When both the datasets cart and the datafiles cart have contents, an extra button will appear at the bottom of the form (i.e. below the datafiles cart), titled "Submit Job for Cart (datasets and datafiles)". This is the only way to submit both datasets and datafiles to the same job run. The Job Type has to accept both datasets and datafiles before this will be possible.
Clicking on any of the Submit buttons on the main IJP page launches the JobOptions dialog.
If multiple inputs (datasets and/or datafiles) are selected, and if the job-type allows multiple inputs per job, this option allows you to choose to run one job for all the inputs, or separate jobs for each input.
Selection of a single dataset and a single datafile counts as "multiple inputs selected", as there will be two inputs.
Note that it may not be sensible to run a "multiple" job-type once per input. For example, the demo copy_datafile job requires precisely one dataset and one datafile to be selected; so the job-type specifies that it accepts multiple inputs, but the job won't run unless the inputs consist of a single dataset and a single datafile.

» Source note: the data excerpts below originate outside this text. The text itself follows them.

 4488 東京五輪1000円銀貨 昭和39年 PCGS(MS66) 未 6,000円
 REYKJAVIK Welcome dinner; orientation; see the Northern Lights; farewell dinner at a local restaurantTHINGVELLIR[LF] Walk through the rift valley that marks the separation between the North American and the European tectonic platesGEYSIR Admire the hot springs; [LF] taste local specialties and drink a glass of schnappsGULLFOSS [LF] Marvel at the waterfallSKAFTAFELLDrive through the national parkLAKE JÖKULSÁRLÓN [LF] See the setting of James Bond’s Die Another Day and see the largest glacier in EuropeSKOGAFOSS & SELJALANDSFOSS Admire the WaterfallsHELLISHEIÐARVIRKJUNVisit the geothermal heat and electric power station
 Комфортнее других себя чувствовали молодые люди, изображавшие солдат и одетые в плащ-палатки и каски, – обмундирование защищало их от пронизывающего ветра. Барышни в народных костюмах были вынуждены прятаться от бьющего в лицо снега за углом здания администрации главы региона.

(By the time you read this, copy_datafile may have been expanded to take one dataset and multiple datafiles, and to copy all of the datafiles into the dataset; but it will still make no sense to run one job per input, as one instance will receive the dataset but no datafiles, and the other instances will receive one datafile but no target dataset!)
If multiple inputs are selected, but the selected job-type does not support multiple inputs per job, then the option will ask you to confirm (via a checkbox) that you would like to run multiple instances of the job, one per selected dataset or datafile.

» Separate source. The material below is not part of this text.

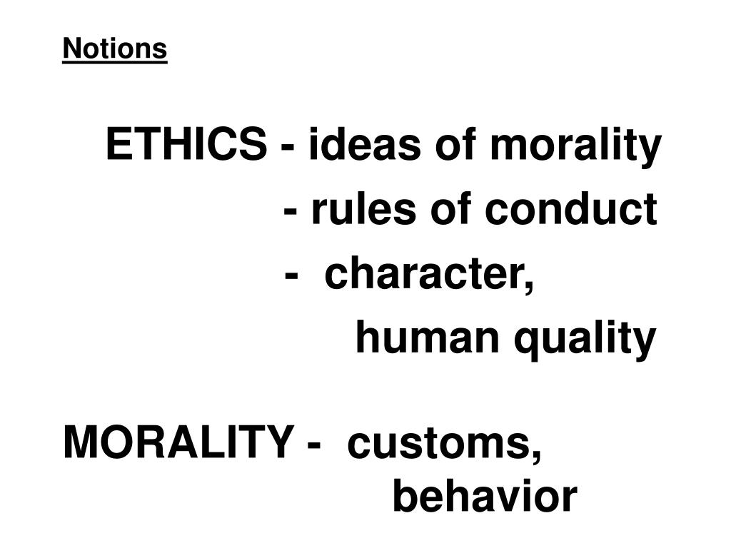 Notions ETHICS - ideas of morality - rules of conduct - character, human quality MORALITY - customs, behavior

If only a single input (dataset or datafile) is selected, this option does not appear.
The remainder of the options in the dialog are determined by the job type specification, which defines the set of options and their input types. Each option type has its own input elements; the currently-supported option types and their input forms are:
If the option has default, min or max values, these are shown on the form. It is possible to enter values outside the min/max range, but this will report an error if you try to submit the job.

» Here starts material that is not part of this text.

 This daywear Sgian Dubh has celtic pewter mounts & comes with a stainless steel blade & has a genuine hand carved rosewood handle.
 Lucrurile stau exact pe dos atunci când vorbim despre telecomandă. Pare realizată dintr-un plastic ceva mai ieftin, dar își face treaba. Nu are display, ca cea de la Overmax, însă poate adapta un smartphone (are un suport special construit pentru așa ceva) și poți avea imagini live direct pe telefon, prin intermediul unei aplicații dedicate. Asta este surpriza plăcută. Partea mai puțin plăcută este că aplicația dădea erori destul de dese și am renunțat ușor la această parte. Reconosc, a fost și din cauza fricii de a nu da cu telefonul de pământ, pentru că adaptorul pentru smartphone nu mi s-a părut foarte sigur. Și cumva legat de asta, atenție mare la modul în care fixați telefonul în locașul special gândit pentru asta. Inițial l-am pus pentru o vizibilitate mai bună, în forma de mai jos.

In the job type specification, each job option can have a condition that depends on the dataset parameters; the option will only be made available if the condition is true for *all* selected datasets. Datafiles are not considered at all; one consequence of this is that if *no* datasets are selected (only datafiles), then any options that have a condition will not be made available.
The IJP is configured with details of one or more batch servers to which it can submit jobs.
Pressing the Submit button will send the job (or multiple jobs, if so requested) to the batch server(s). For each job, the IJP will request an estimate from each batch server, and will choose one of the servers that returns the best estimate.
A dialog shows the job-id obtained from the batch server. The id should be visible in the Job Status Panel.
Note that users cannot directly select a particular batch server; but some batch servers may not be able to run some job types (in which case, they should return an estimate of (effective) "infinity".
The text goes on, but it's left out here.